A Catholic pro-life worker cried foul yesterday about a recent BBC report on a pro-choice organization and their efforts to legalize abortion in Latin America.

Julia Regina de Cardenal, president of Fundación Sí a la Vida (Yes to Life Foundation), claims that the Oct. 16 BBC report on Catholics For a Free Choice (CFC) is biased, that the group "is not Catholic and its members are anti-Catholic activists."

"The organization exists precisely for the purpose of pushing abortion acceptability worldwide," she said.   

The BBC report about an international conference in Mexico, which focused on how illegal abortions in Latin America are the major cause of death or illness among women, was largely based on the testimony of a Peruvian woman, who nearly died from an infection and a ruptured uterus after receiving an abortion at an illegal abortion clinic.

In the report, Maria Consuelo Mejilla, director of Catolicas por el Derecho a Decidir (Latin American branch of CFC) and chair of the conference, said abortion is one of the top three causes of maternal death in Latin American countries. The article claims that in Peru an estimated 50,000 women either die or suffer serious injury after an illegal abortion by unqualified medical personnel each year.

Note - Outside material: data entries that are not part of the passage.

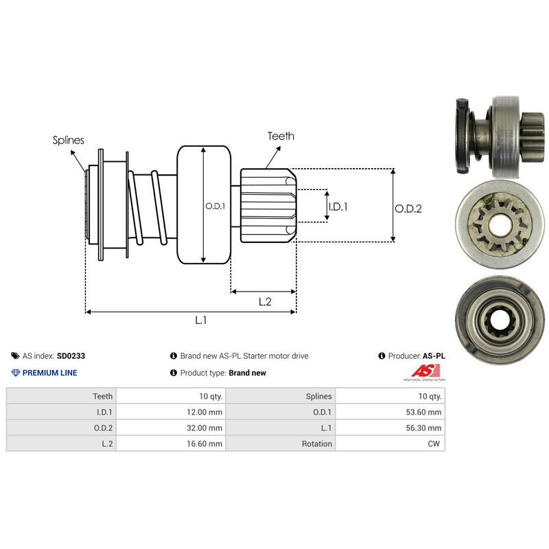 Freewheel Gear, starter AS-PL SD0233 - Ristmik autovaruosad
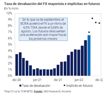 Hay que señalar que el dólar mayorista sube 6% en el último mes, desde los $135,33 del 16 de agosto a los $143,50 el 16 de septiembre. Así, la devaluación se le empieza acercar a la inflación, mensual, algo que no se producía desde hace tres años atrás.
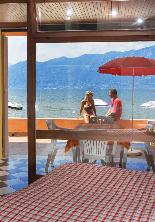 Bungalow in riva al lago per 4 persone. Il bungalow si trova accanto al nostro hotel, direttamente sulla spiaggia privata. Si sviluppa su 2 piani, separati da una scala in legno (senza porta).
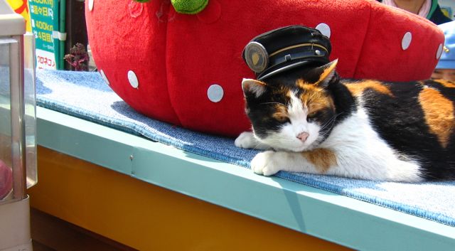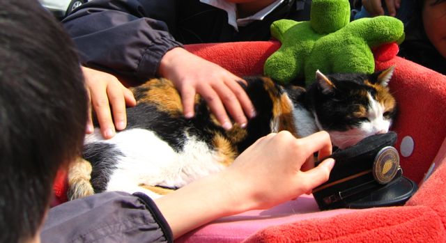 わしゃわしゃしまくられるちょこっと若いたま駅長。
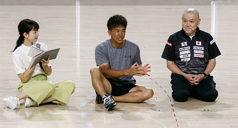 リズムに合わせた準備運動や簡単なミニゲームを行ったあと、ゲストの3人も競技に挑戦。

The organization essentially argue that the only way to reduce the number of deaths is to make abortion legal.

"The article appears to be written by one of their publicity people, not by an independent professional journalist," said de Cardenal. "I see no apparent attempt to verify figures, statistics or interview those with another point of view."

For the most part, judiciaries in Latin America protect the right to life for all, including the unborn, said de Cardenal, whose organization offers women the support they need to continue their pregnancies. "The Latin American people do not want legalized abortion," she said. "Virtually every attempt to legalize abortion legislatively in Latin American countries has been defeated."

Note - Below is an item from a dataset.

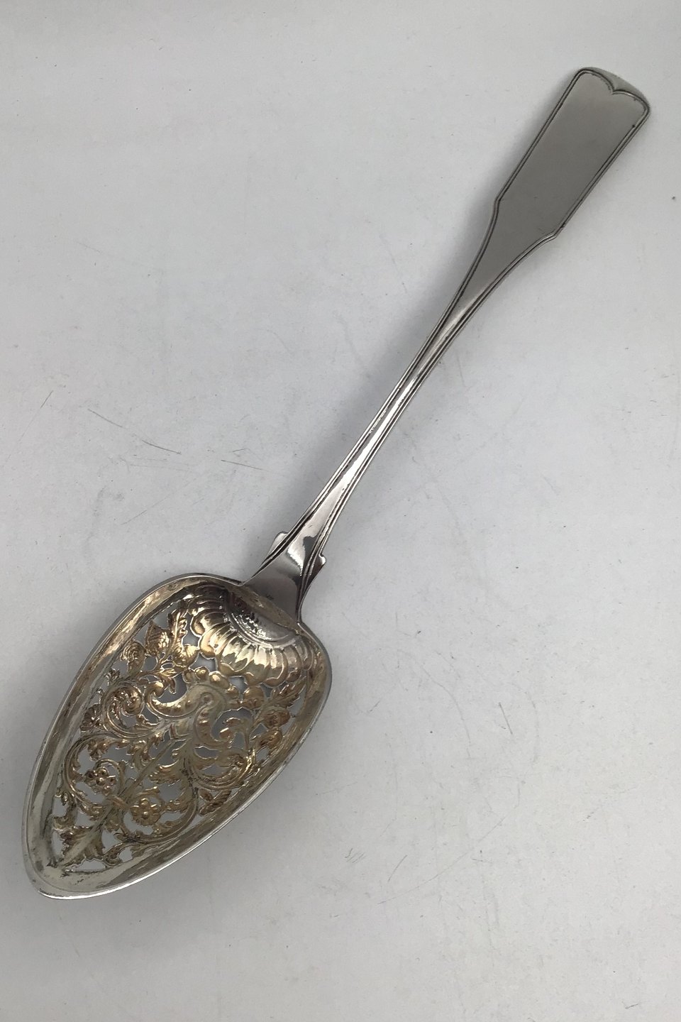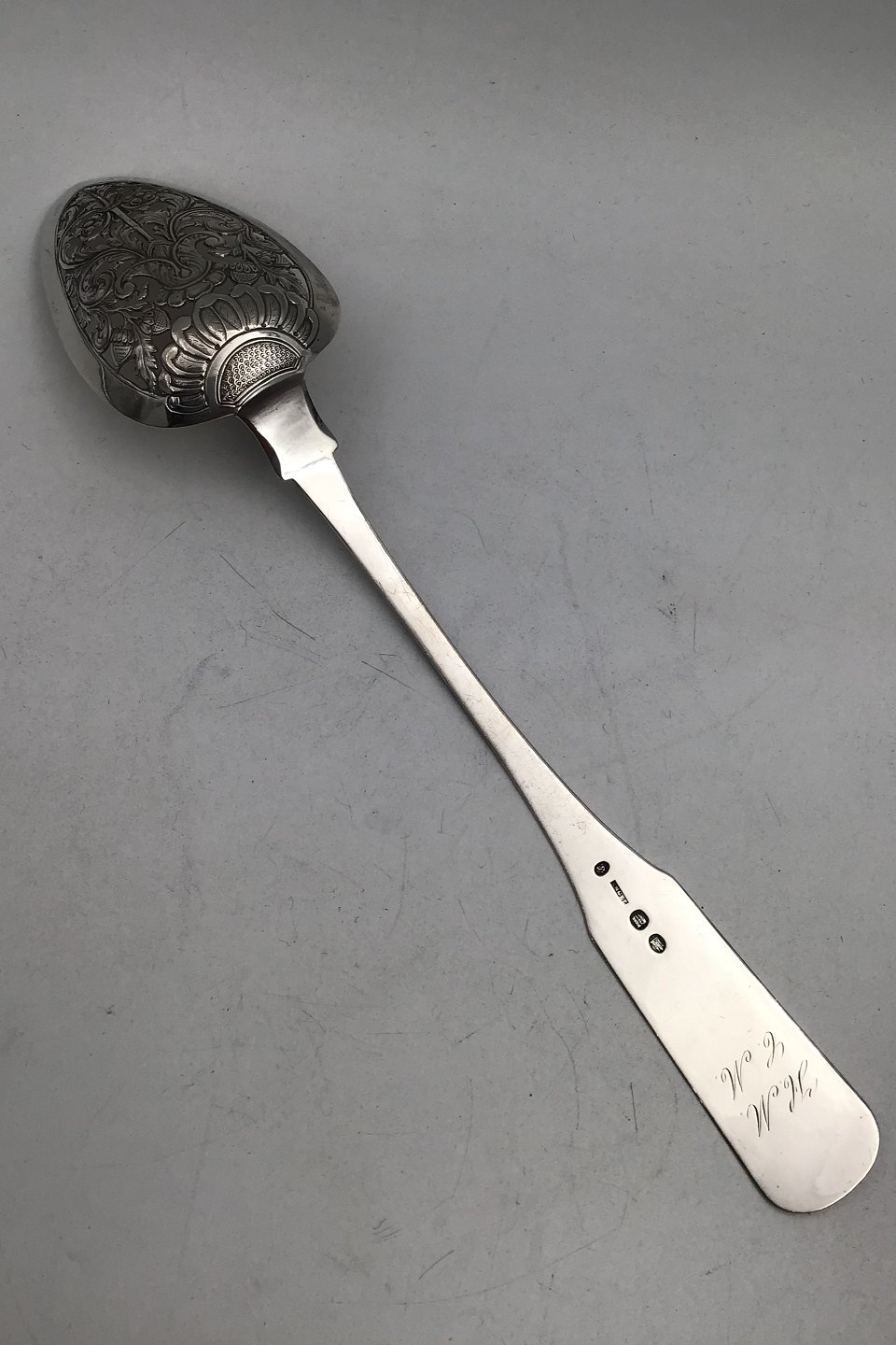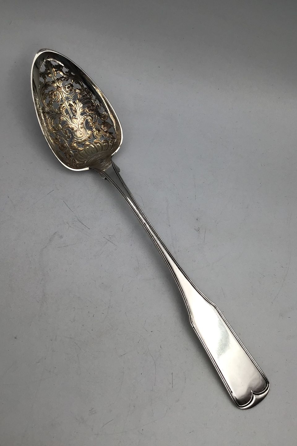 Engel Gammel Riflet Silver Berry Spoon (1848) Measures 30.5 cm (12 inch) Partially Gilded (Engraved)

Many of the attempts to change the laws regarding abortion in Latin America "come from efforts designed and supported by foreign interests," says de Cardenal.

She claims that Catholics for a Free Choice is "a U.S.-based organization which receives millions of dollars" from large U.S. foundations, such as the Ford Foundation.

"If outsiders really care about us as Latin American women, they will provide desperately needed assistance to improve maternal health care, not manipulate public opinion to favor the killing of our children in the womb," she said.